Alternatively, they have to tick three of the following: permanently altering the internal layout, adapting the home for somebody with a disability, increasing the number of rooms in a home, improving homes with BER of D1 or lower by at least three energy ratings, or if it is C3 or higher, by not less than two ratings, it says.

Because these new rules are just being rolled out, though, the dispute between tenants and landlord at Rosedale Terrace falls under the old guidelines.

Trying to Negotiate

On 12 April, Cernuda wrote on behalf of all tenants to Ronan McCormack, the property manager at Belgrave Property, asking him to reconsider and to let them stay there while works are carried out – saying they’re willing to put up with any inconvenience.

“Whilst we do appreciate vacant possession may be more desirable, we feel it is not necessary,” Cernuda says.

There’s an extreme shortage of housing, wrote Cernuda. “There is a strong probability that many of us will become homeless if our tenancies are terminated.”

He said they were willing to discuss a slight increase in rents, as he is aware that may be justified by law.

McCormack wrote back that the landlord was open to discussing whether the tenants could remain there during works.

But the main concern, backed up by professional advice, is “the health and safety issue this would pose to all residents”, he wrote.

He asked Cernuda to consult with tenants and let him know what might work with the refurbishment – and what level of rent residents proposed to pay for the refurbished homes.

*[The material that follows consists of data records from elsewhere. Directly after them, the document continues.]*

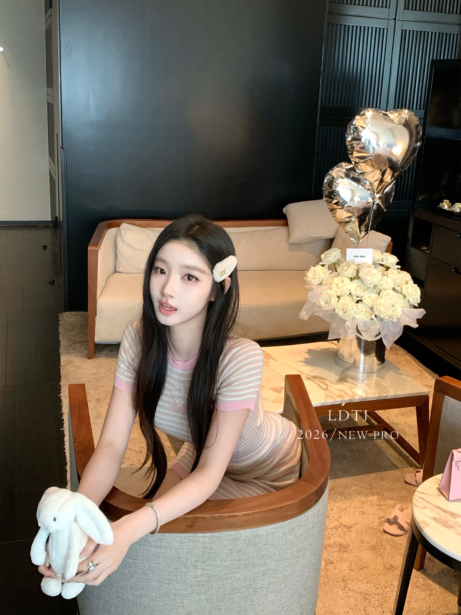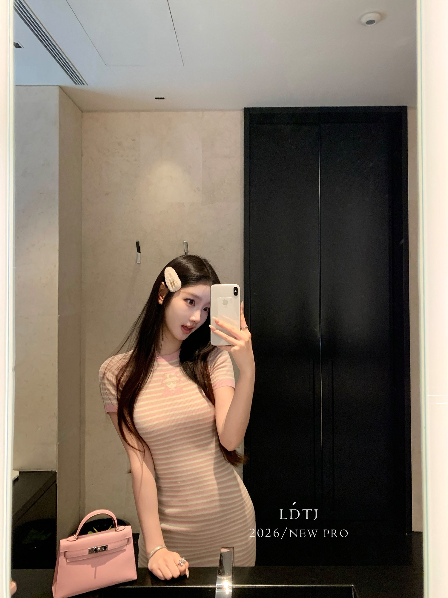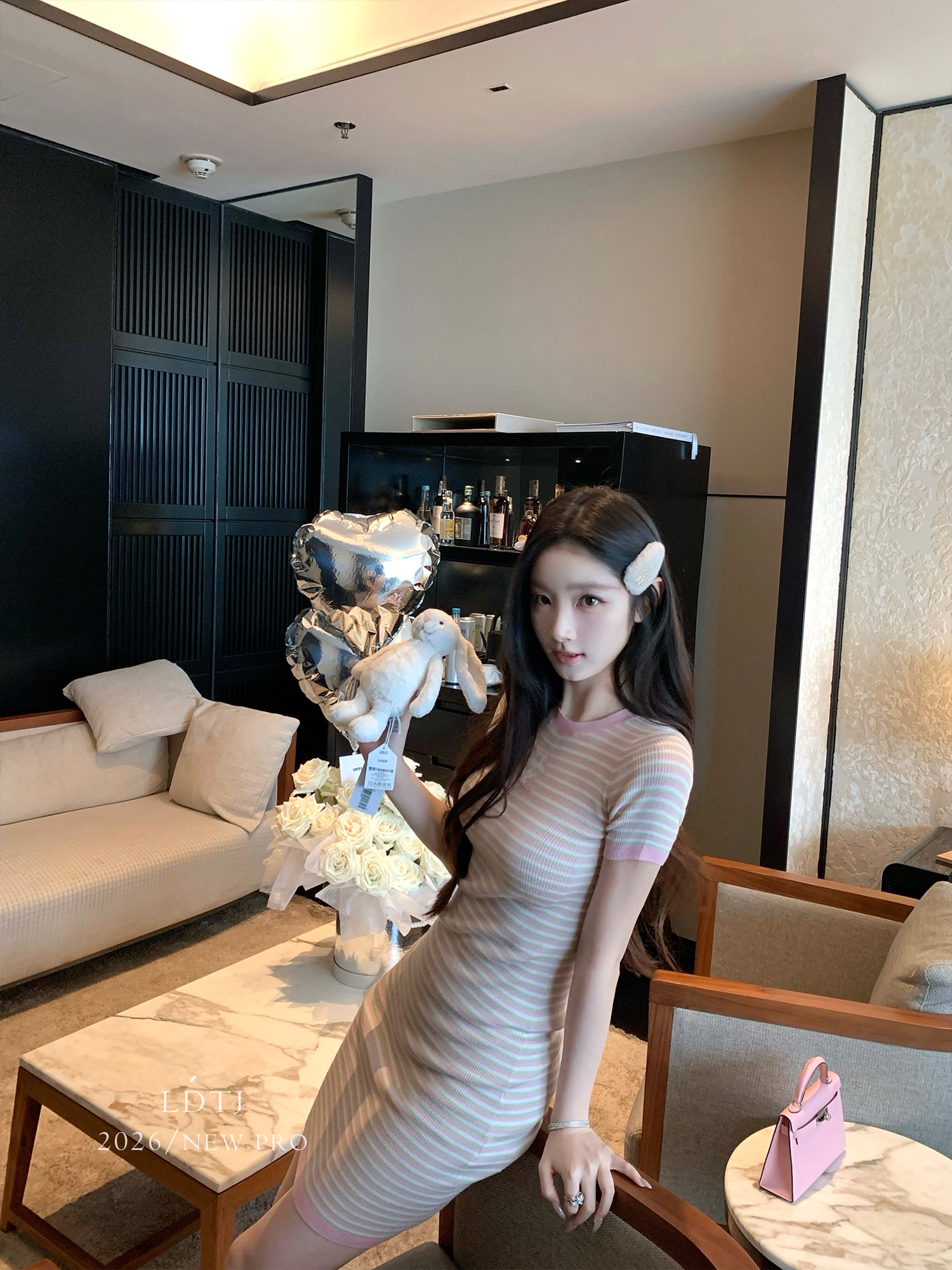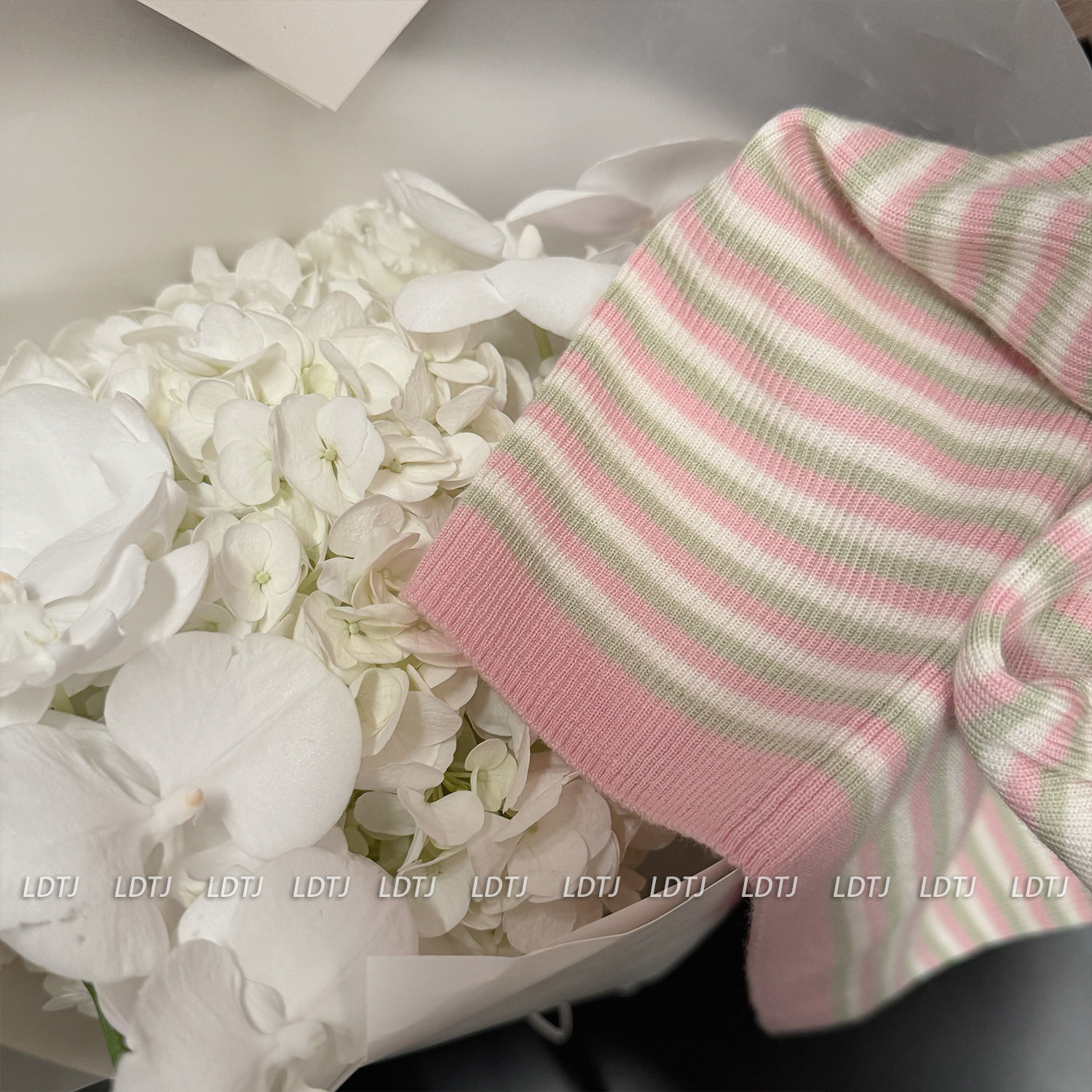 Ldtj Haute Couture "Jenny Candy House" Pink Striped Pure and Girly Chanel-Style Wool Knit Dress
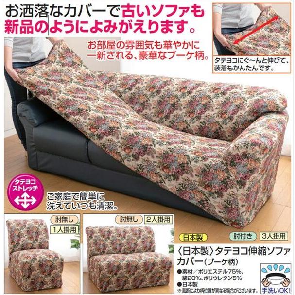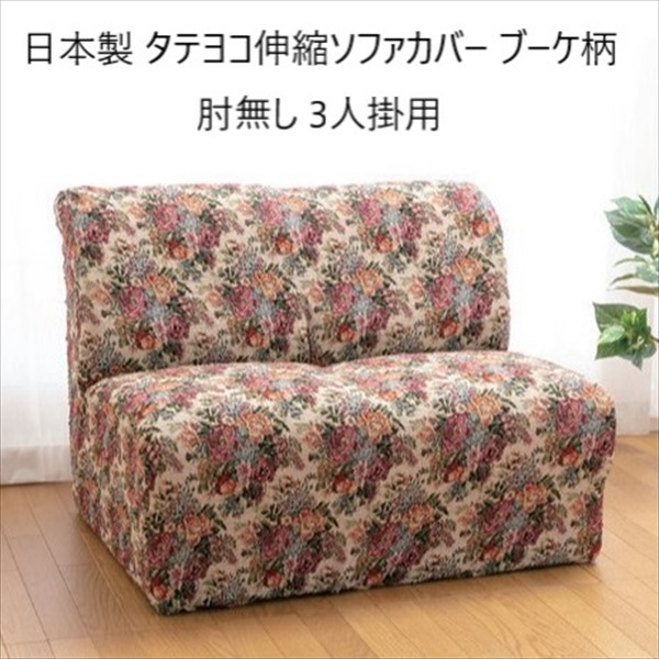 商品名:日本製 タテヨコ伸縮ソファカバー ブーケ柄 肘無し 3人掛用
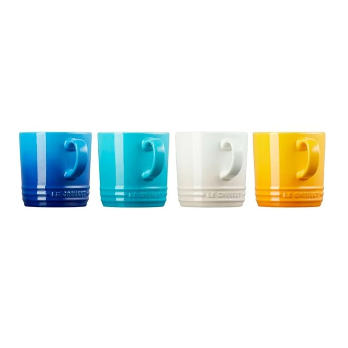 Set de 4 tazas de colores de Le Creuset, fabricadas en cerámica de gres, perfectas para horno y microondas.
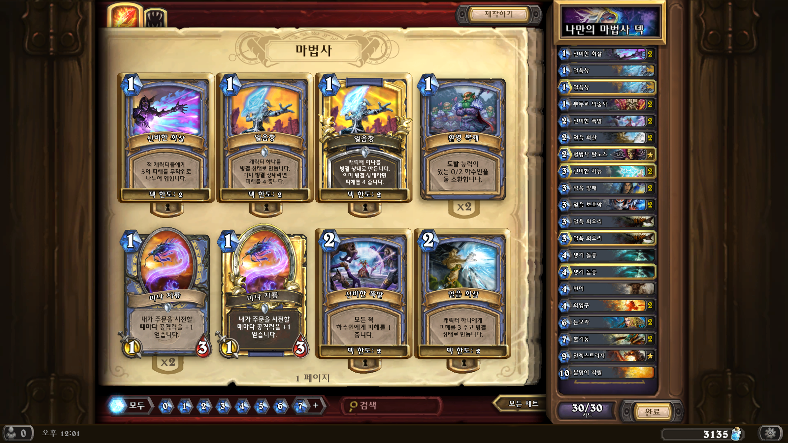 영웅모드 맥스나를 잡은 마법사덱입니다.
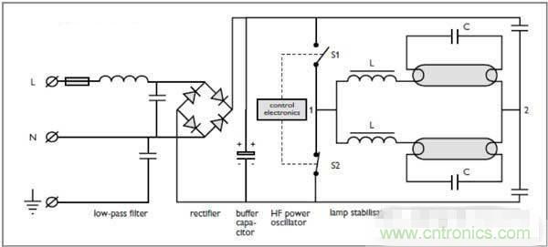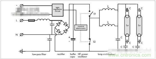 熒光燈的調(diào)光(1-10V)熒光燈的調(diào)光是在高頻電子鎮(zhèn)流器的基礎(chǔ)上研發(fā)出來(lái)的。下面是高頻電子鎮(zhèn)流器的線路圖:
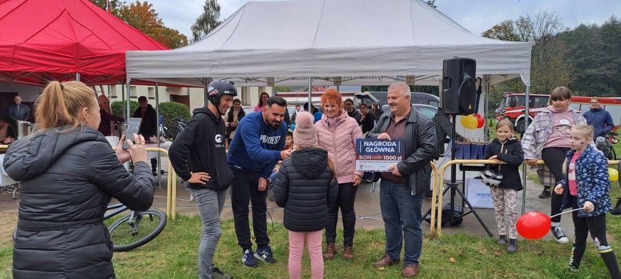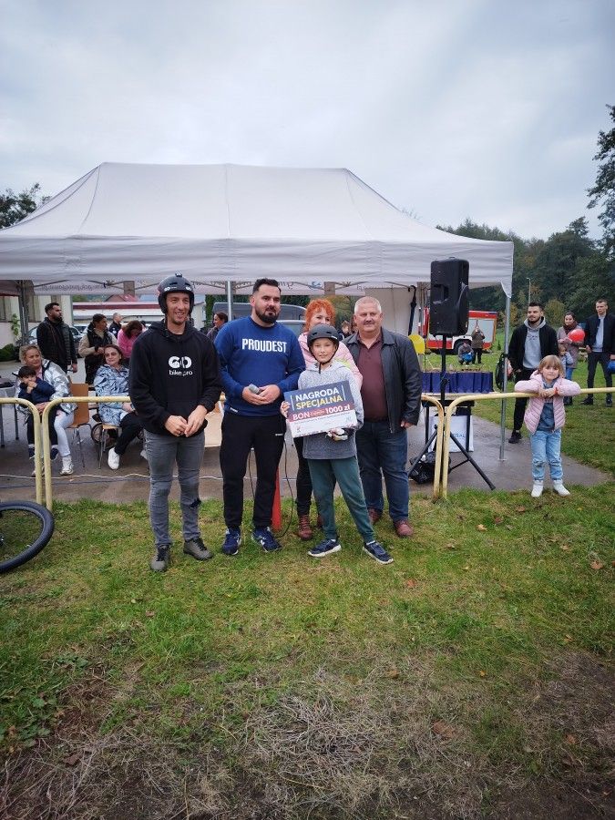 Poza nagrodami konkursowymi, nasz Mistrz Pupmtrack wylosował dwóch szczęśliwców, którzy zgłosili się do udziału w losowaniu nagród specjalnych (bon do wykorzystania w sklepie sportowym MISTRAL). Warunkiem uczestnictwa było zgłoszenie się do punktu przyjmowania zgłoszeń wraz z własnym rowerem w kasku oraz uczestnictwo w instruktażu prowadzonym prze Pana Bartosza. Spośród prawie 100 zgłoszeń, szczęśliwym zdobywcą bonu w kategorii do lat 12 został Antoś Zaborowski, natomiast w kategorii open, zwycięski los należał do Karola Bonieckiego. Gratulujemy! Mamy nadzieję, że wszystkie wręczone tego dnia nagrody korzystnie wpłyną na rozwój sportowych zamiłowań laureatów, a tym samym, zachęcą do częstszego korzystania z nowego obiektu rekreacyjno-sportowego.
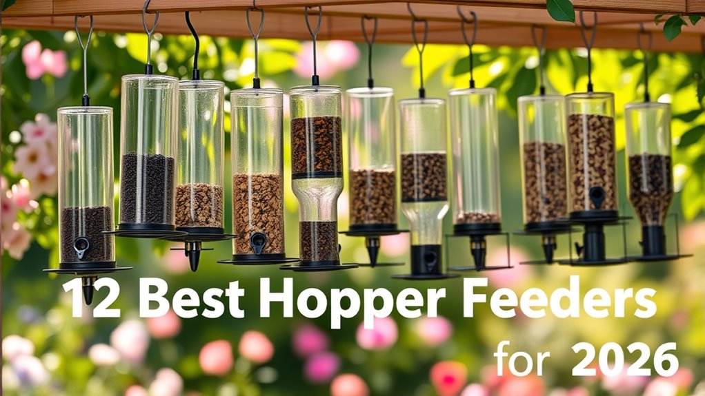 Discover the 12 best hopper feeders for 2026, chosen for durability, capacity, and bird-friendly design. You’ll find chew-proof metal models with rust-resistant coatings, cedar homes that resist decay, and Amish-made HDPE options built for outdoor use.
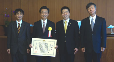 ![]() 左二: 柳樂 幸雄(社長) 左三: Mikazuki(國土、 基礎設施、交通和旅游的國會秘書) |
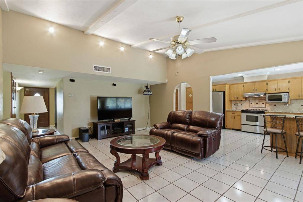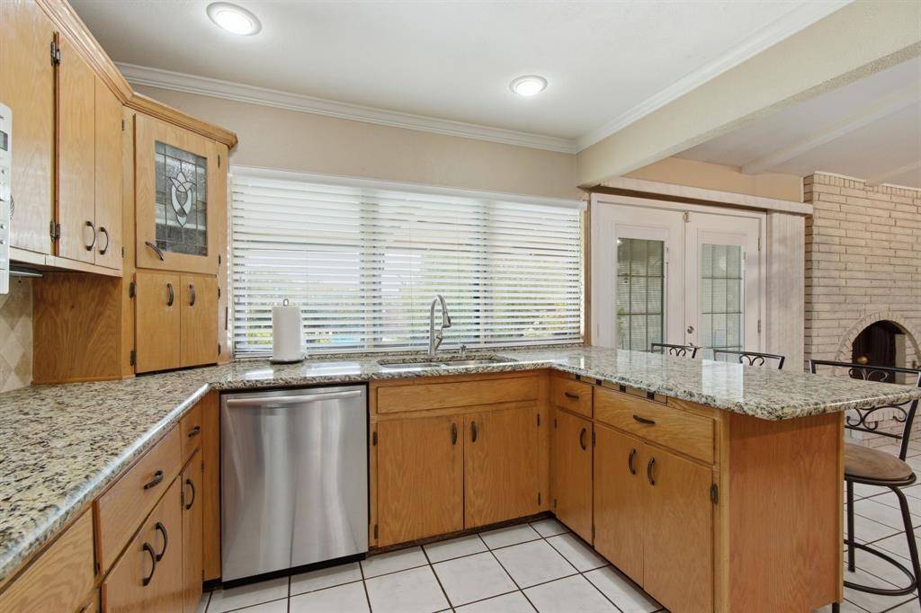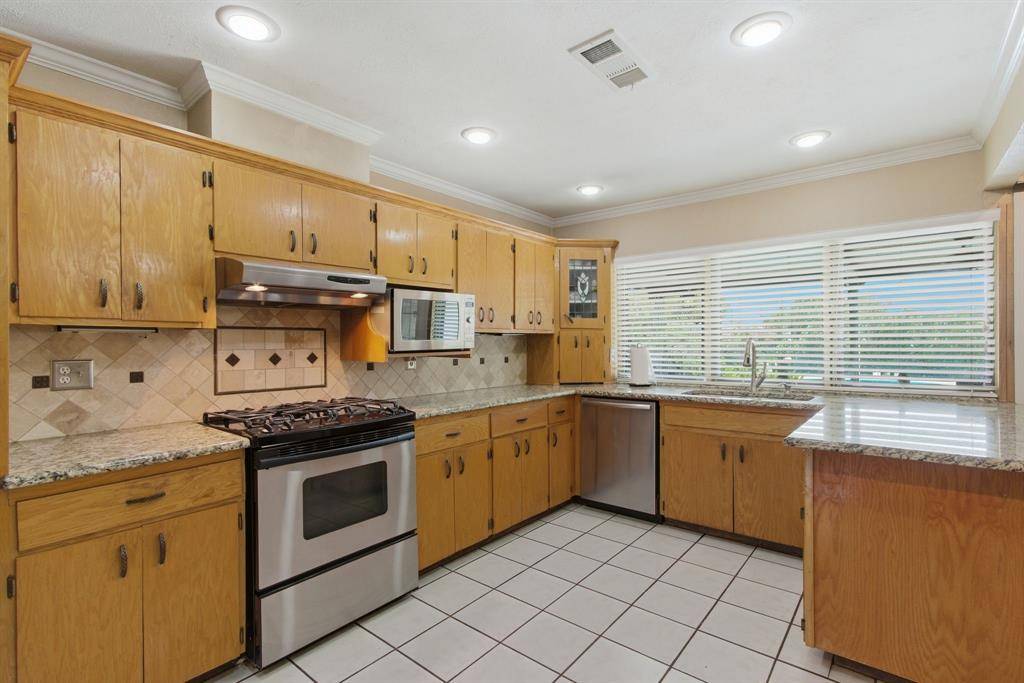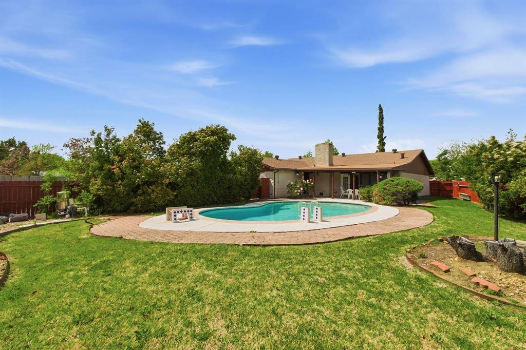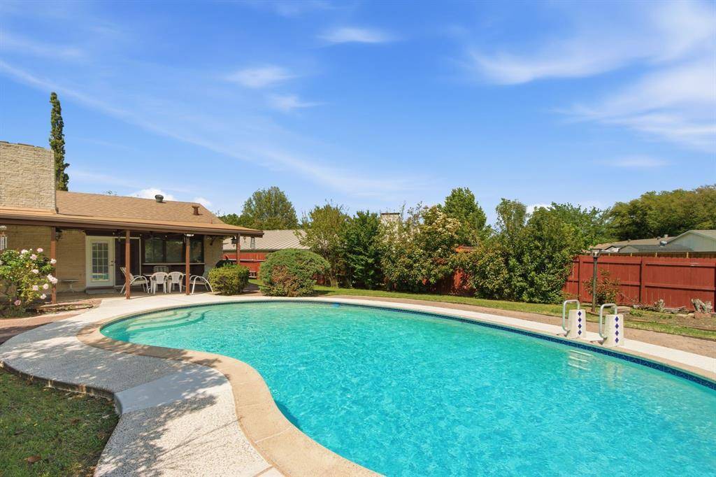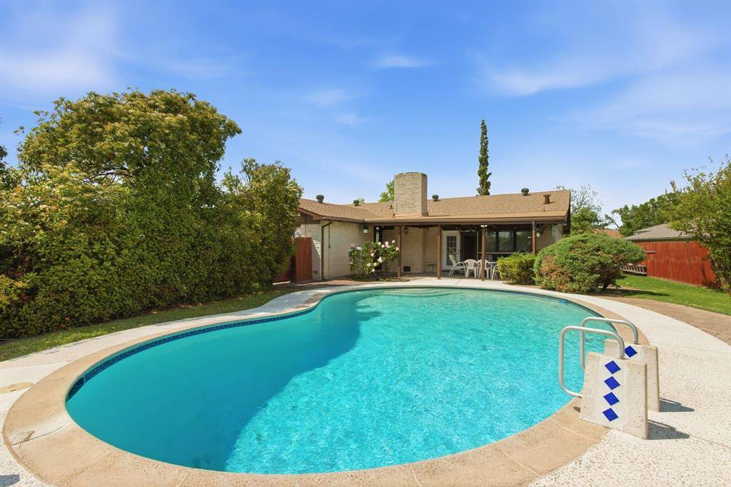 Welcome to this beautifully maintained home nestled on an oversized, pie-shaped 0.346-acre lot in the desirable Woodlake Subdivision! Designed for both comfort and entertaining, this property features a stunning backyard retreat complete with a sparkling swimming pool, recently repaired with updated coping and tile, and professionally maintained by a pool service. Enjoy relaxing or hosting guests under the covered outdoor living area, with plenty of additional space including a large detached shed. Inside, the home offers 3 bedrooms and 2 baths with a functional and inviting layout. A front living room and adjacent dining area greet you upon entry, perfect for more formal gatherings. The spacious family room features a cozy fireplace with hearth as its focal point and opens seamlessly to the kitchen—ideal for everyday living and entertaining. The kitchen is well-equipped with a gas cooktop, microwave, Bosch dishwasher, and refrigerator, along with ample space and windows that provide beautiful views of the backyard oasis. Throughout the home, you'll find hard surface flooring, including rich hardwoods and tile, offering both style and easy maintenance. This home truly combines indoor comfort with exceptional outdoor living—perfect for enjoying those hot Texas summers!
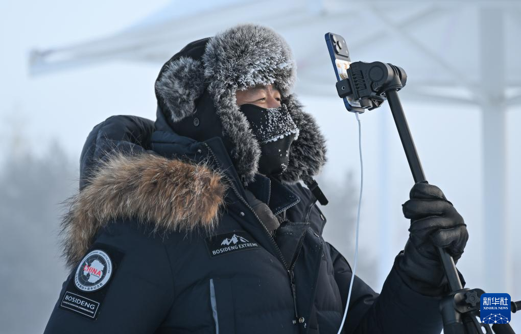 12月26日,短视频平台主播在内蒙古呼伦贝尔市根河市冷极广场直播。

Other tenants say they’d struggle to cover large rent increases.

Abu Saleh Chy says his rent has gone up 30 percent since 2010. “My wages have only gone up one or two percent since 2010.”

Photo by Lois Kapila.

In the middle of the living-room ceiling in Chy’s family apartment, where you might expect a giant light shade, is a mechanical solar system, with plants and rockets shooting off in a swirl.

Many of the apartments house families with kids.

Chy says he was looking to move to Harold’s Cross a few years back. But his son objected – he’s settled and happy.

“He didn’t want to, because he has friends here,” he says, waving towards his son, sat at a computer in the corner, chomping on a pot of Pringles.

Ending up homeless, possibly in hotels and living on fast food and takeaways, would aggravate the health problems Chy’s already struggling with, he says. “I’m controlling diabetes and heart issues through food and diet.”

Later, in their apartment, Morawski says they’ve everything set up in the neighbourhood: schools, creche, it’s walking distance for the babysitter who comes by a couple of days a week to cover when he and his wife are at work.

In another flat, Zanda Mugina’s two children are watching television, one sat legs tucked up at the end of the sofa, the other stretched out on a green and black rug on the floor.

If one of her kids is sick, but there are others in the building who can drop the other child at school, says Mugina, who’s lived in the block for four years, and pays €1,300 a month in rent right now.

She’s a short walk to work over the road, or the kids’ school in Blackpitts. “I love it here. I would do anything to not move out,” she says.

Mugina said she’d be willing to have a neighbour move in with them, so the landlord could rotate people around the complex, if there’s work that needs to be done. “It’s of course hard to live with somebody, but I can handle it,” she says.

It’s not that she hasn’t looked for another place. She’s in the process of moving onto Housing Assistance Payment (HAP), she says, but homes within the rent limits set by the scheme are snapped up fast.

“It’s very hard to find,” she says. “I sent 100 emails, I got 2 replies.”